How he was glad to be rid of that situation.
There are many little e-cards expressing a dog owners preferences of their fur family to people who don't like them and I would happily post any one of them at my door or as my profile on a dating site if ever I was to use one again.
It has been a while since I have been forced to make do for myself and I have survived. Making decisions of importance, fixing things for myself or not and coping. I thought I could just slip back into being dependent once again with a little help from the right man.
I don't think there is just such a creature. I think I'm happy to be independent and bask in the love of my dogs and Daughter Of Mine.
My dogs are my family with unconditional love and gratitude for who I am with all of my faults and failings, I will never get that from a man.
3 dates down and I'm starting to warm to this guy.

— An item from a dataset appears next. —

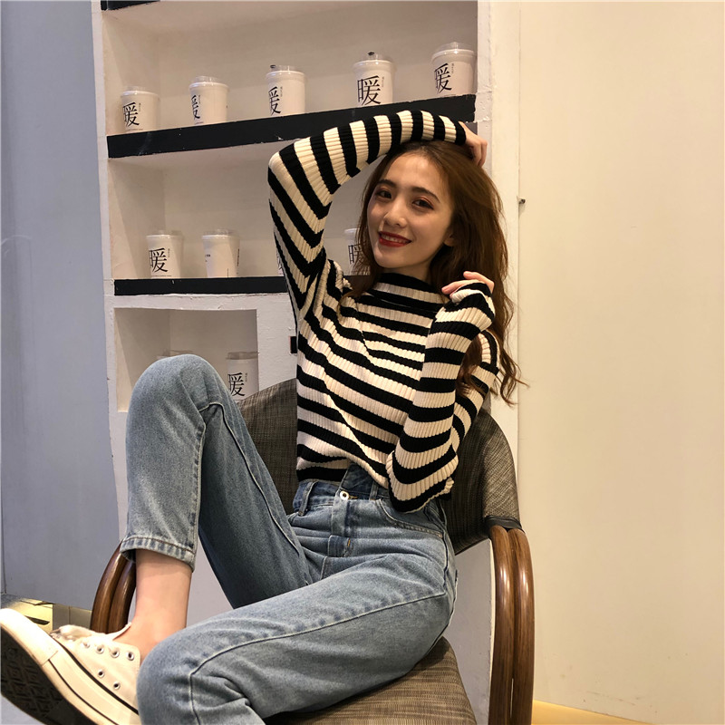 / 慵懶風套頭毛衣女2018新款秋冬修身顯瘦高領條紋加厚打底針織衫女

I feel very comfortable with him, especially after a couple of glasses of Shiraz.
I think he is far more intelligent for someone who uses these dating sites and this is fantastic.
He is a caring sort of person with enough compassion to do his job to the best of his abilities yet leave enough compassion for himself.
He's currently doing an online course for horticulture and is just starting to feel the magnitude of the task.
I'm truly taken by him and I hope I didn't embarrass myself with a head full of delicious red wine.